EMILIO M. GARZA, Circuit Judge:

Plaintiff W.L. Harris brought suit in federal district court seeking a declaratory judgment that the Farmers Home Administration (“FmHA”) had unlawfully placed wetland easements on his land and that the property declared by the FmHA to encompass wetlands actually did not. The district court denied relief, 820 F.Supp. 1018. Harris now appeals, and we affirm.

I

In 1987, the Grenada Bank of Mississippi foreclosed on 1,893 acres of farmland owned by Harris. The FmHA, which held a junior lien on the property, successfully bid for the property at the subsequent sale held by the bank. The following year, the United States Fish and Wildlife Service (“FWS”), pursuant to a request from the FmHA, inspected the property, found that it contained large areas of wetlands, and recommended that the FmHA impose wetland conservation easements on approximately 1,005 acres. In June 1988, the FmHA offered to let Harris lease-back or buy-back the farmland, subject to conservation easements imposed on the 1,005 acres.

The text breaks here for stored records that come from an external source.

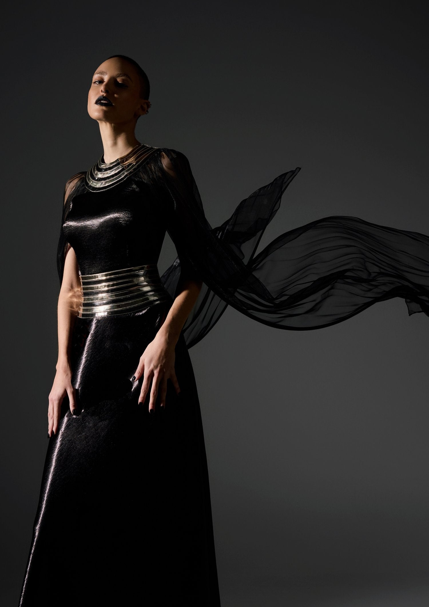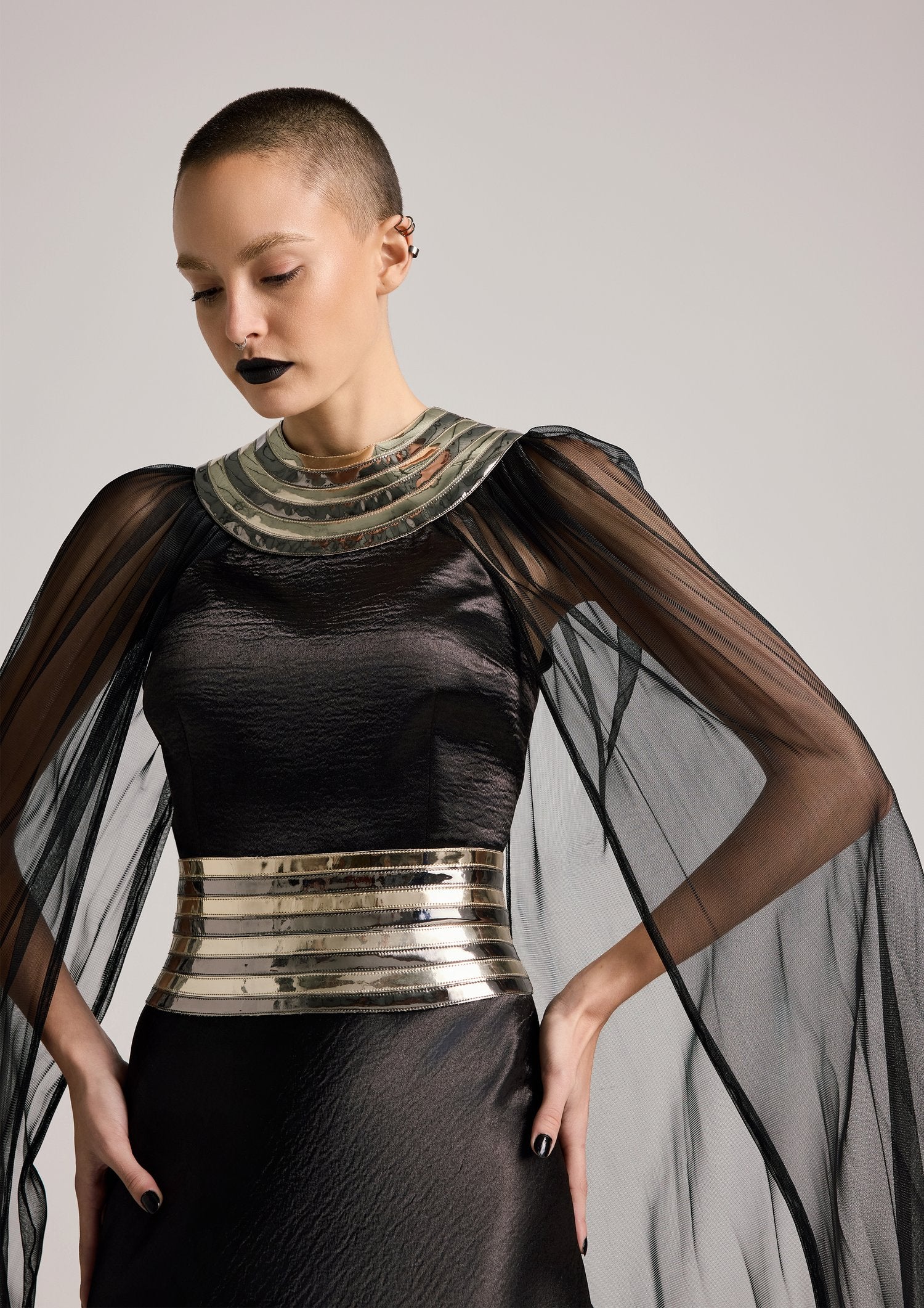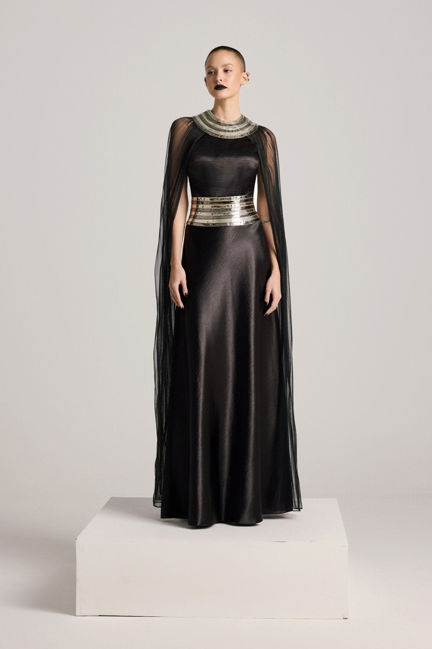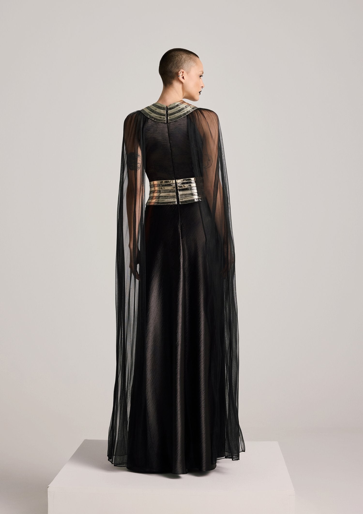 فستان من الساتان المزخرف مع أجزاء من قماش التول اللامع وحزام خصر وقبة من المعدن الذهبي والفضي مطرز يدويًا. إغلاق بسحاب في منتصف الظهر.
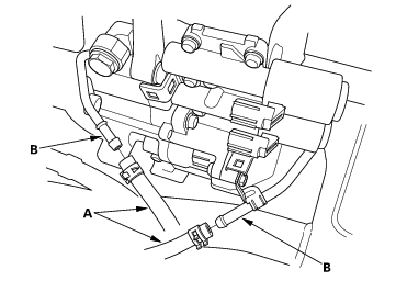 - Connect the ATF cooler hoses (A) to the ATF cooler lines (B) (see page 14-151) .
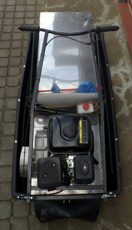 Транспортировочное положение : в санях-волокушах.(сани 1шт. и транспортировочные бандажи в комплекте)

Harris opted to repurchase the land for $371,700, which was the land’s fair market value with the conservation easements in place. 1 The wetland easements prevent Harris from farming the land and allow the FWS to manage water flow and other conditions on the land.

Harris subsequently sued the FmHA, contending that it had no authority to impose the wetland conservation easements. Harris alternatively contended that the FmHA’s decision to impose the easements was arbitrary and capricious because much of the property designated as wetlands did not possess scientifically-accepted indicators of wetland status. The district court granted summary judgment for the United States as to Harris’ first contention, holding that the FmHA had the authority to place wetland easements on the property that he repurchased. After a bench *1093 trial regarding the second claim, the district court found that the FmHA did not act in an arbitrary or capricious manner when imposing the easements because the land at issue constituted wetlands. Harris now appeals, contending that the district court erred with respect to both claims.

II

Executive Order 11990 requires that all federal agencies “take action to minimize the destruction, loss or degradation of wetlands, and to preserve and enhance the natural and beneficial values of wetlands in carrying out the agency’s responsibilities for (1) acquiring, managing, and disposing of Federal lands and facilities!...” Exec. Order No. 11990, § 1(a), 42 Fed.Reg. 26,961 (1977), reprinted as amended in 42 U.S.C. § 4321 note (1988). Moreover,

[w]hen Federally-owned wetlands or portions of wetlands are proposed for lease, easement, right-of-way or disposal to non-Federal public or private parties, the Federal agency shall (a) reference in the conveyance those uses that are restricted under identified Federal, State or local wetlands regulations; and (b) attach other appropriate restrictions to the uses of properties by the grantee or purchaser and any successor, except where prohibited by law; or (c) withhold such properties from disposal.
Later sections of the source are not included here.